REQUIREMENT → From the very first line of the data to the line containing "Download this time", retype everything exactly, leaving the pictures behind.

*** GIVEN DATA

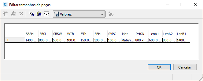 Dica: Você pode copiar e colar valores de outras famílias de peças usando a funcionalidade comum de copiar e colar do Microsoft® Windows (CTRL+C e CTRL+V). Abra outra peça no Gerador de peça, selecione o parâmetro de tamanho que deseja copiar e, a seguir, cole os valores selecionados no parâmetro desejado de sua peça. Você também pode criar uma lista de valores no Microsoft® Excel, selecionar a lista de valores que deseja adicionar e, a seguir, colar os valores no parâmetro desejado de sua peça.
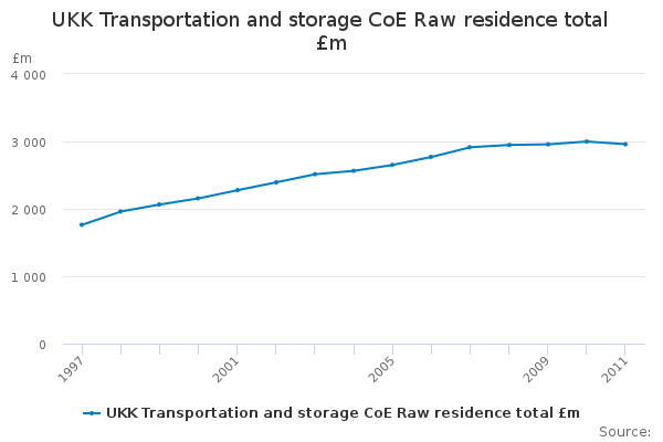 Download this time seriesUKK Transportation and storage CoE Raw residence total £m
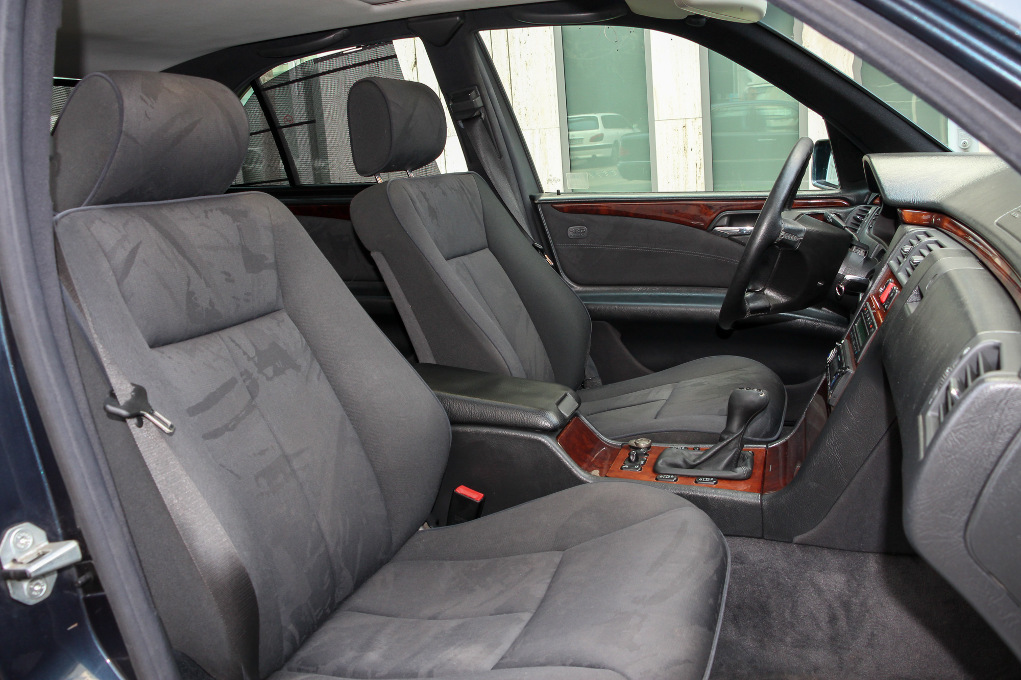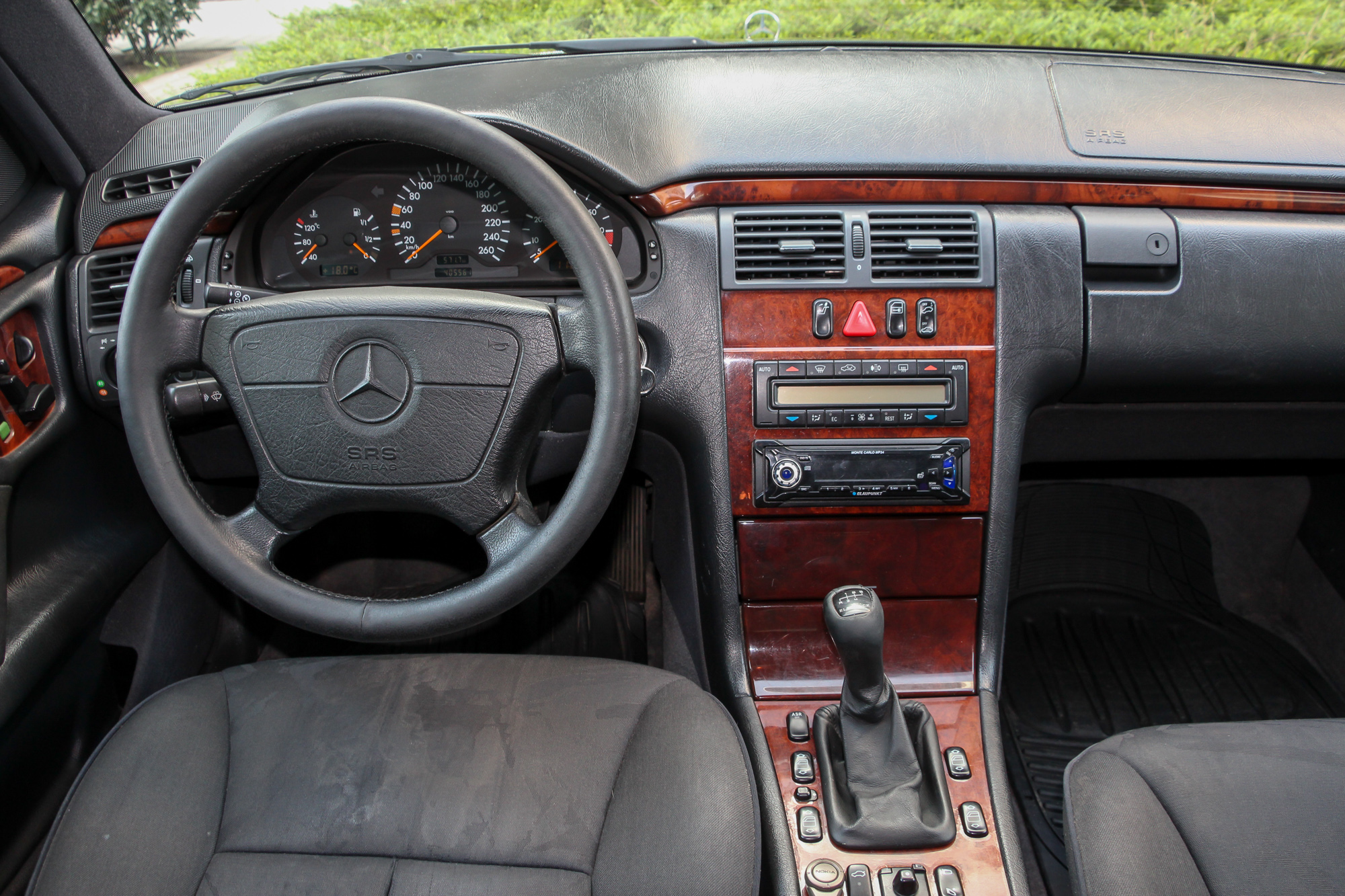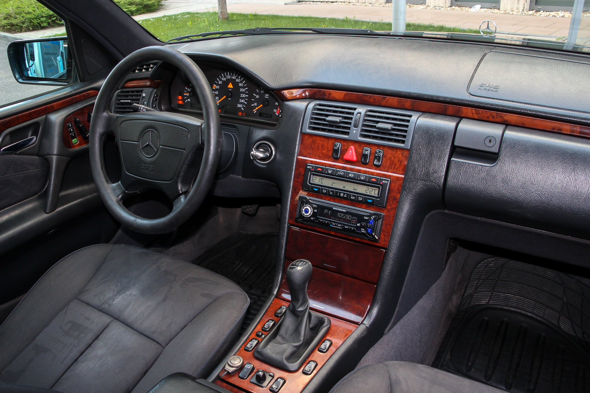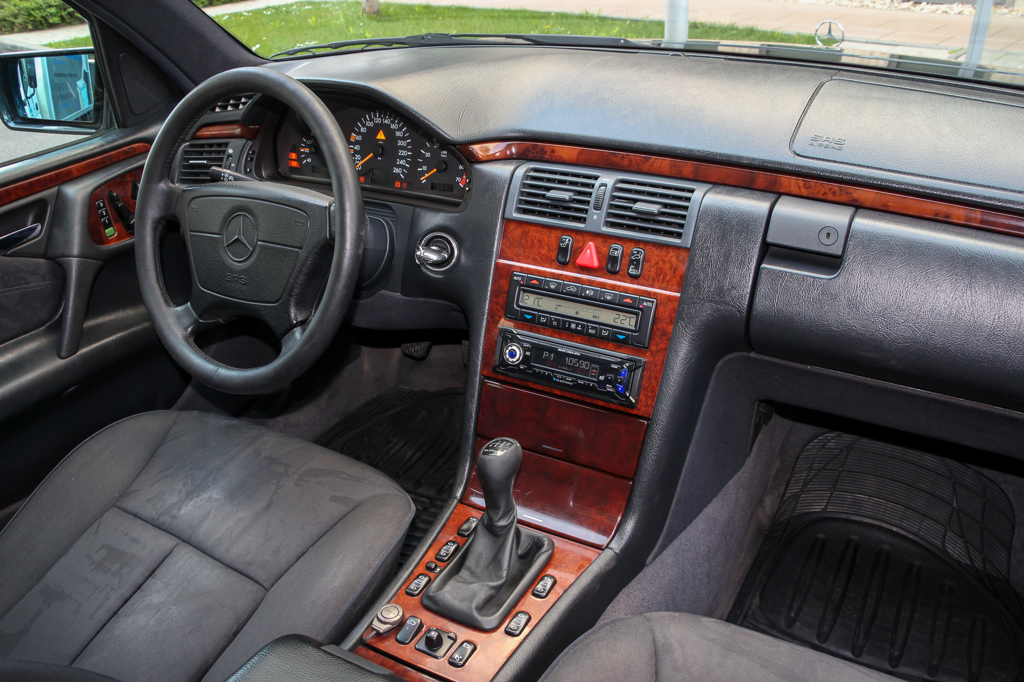 Az ülések elöl-hátul kényelmesek, négy felnőttnek igen jó, tágas utazóautó a W210-es. Ez a teljesen követhető előéletű példány újonnan Olaszországban állt forgalomba, ott egy olasz-magyar házaspár rendelte és konfigurálta, majd a feleség autójaként, magyar kézben és részint Magyarországon szolgált. Itthon először a kapuvári húsüzem marketingigazgatója vette meg, tőle a mostani marketingszakember tulajdonos. Ez csupán azért érdekes, mert érdekesen vásárolt: először az autót nézte meg, majd az 5 évvel ezelőtt még sokak által használt iwiw rendszerében informálta le a Mercedes gazdáját. Látta, hogy az E-osztály szinte családtag volt, megkapta a kívánt törődést, ahogyan aztán tőle is. A konfiguráció egyedi és józan: az Elegance, tehát eleve jó ellátmányú, fabetétes E kétzónás automata klímával, elektromos és memóriás első ülésekkel, elektromosan állítható kormányoszloppal, napfénytetővel és gyári sízsákkal felszerelt. Az alapból adott 15 colos lemezkerekeknél egyel nagyobb 16 colos lemezfelnikkel, amelyeken most Firestone téli abroncsok vannak, a tavaly vásárolt Bridgestone garnitúra pedig ötküllős Dezent felnin várja az autóval együtt új tulajdonosát. Utólagos kiegészítőként Nokia Bluetooth-kihangosító, a gyári kazettás Becker rádió helyén Blaupunkt MP3-as CD-s fejegység, valamint gyári tetőcsomagtartó is van az autóhoz. Hogy tükrei elektromosak, elektromosan behajthatók, elektromos ablakai lefelé mind automaták, az ennél az E-nél még magától értetődő, az viszont már komolyabb extra, hogy az összes hátsó ablakra gyári sötétítőfüggöny húzható, vagy hogy középső visszapillantója elektrokróm (éjszaka fényre sötétedő).
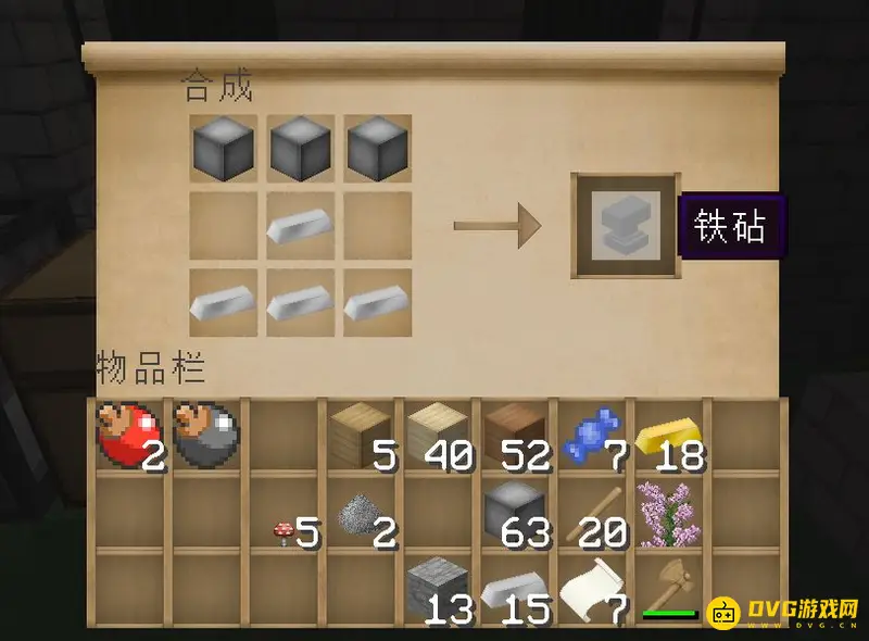 6、最后用三个铁块和四个精铁锭摆成一个“工”字型就能制作出铁砧了。
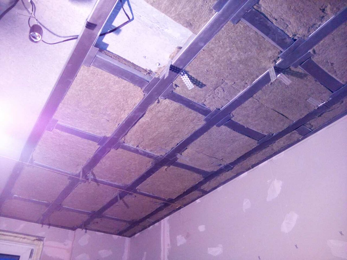2. Устанавливают каркас с соблюдением минимального расстояния между стеной и гиспокартоном. Под профиль, на который будет установлен гипсокартон, прокладывают материал для поглощения шума. Доступный и эффективный материал – стекловата. Если не использовать дополнительных материалов, комната будет защищена от внешнего шума, но внутри помещения любой звук будет превращаться в барабанный стук.

******

OUTPUT FOR THIS EXERCISE →
 Dica: Você pode copiar e colar valores de outras famílias de peças usando a funcionalidade comum de copiar e colar do Microsoft® Windows (CTRL+C e CTRL+V). Abra outra peça no Gerador de peça, selecione o parâmetro de tamanho que deseja copiar e, a seguir, cole os valores selecionados no parâmetro desejado de sua peça. Você também pode criar uma lista de valores no Microsoft® Excel, selecionar a lista de valores que deseja adicionar e, a seguir, colar os valores no parâmetro desejado de sua peça.
 Download this time seriesUKK Transportation and storage CoE Raw residence total £m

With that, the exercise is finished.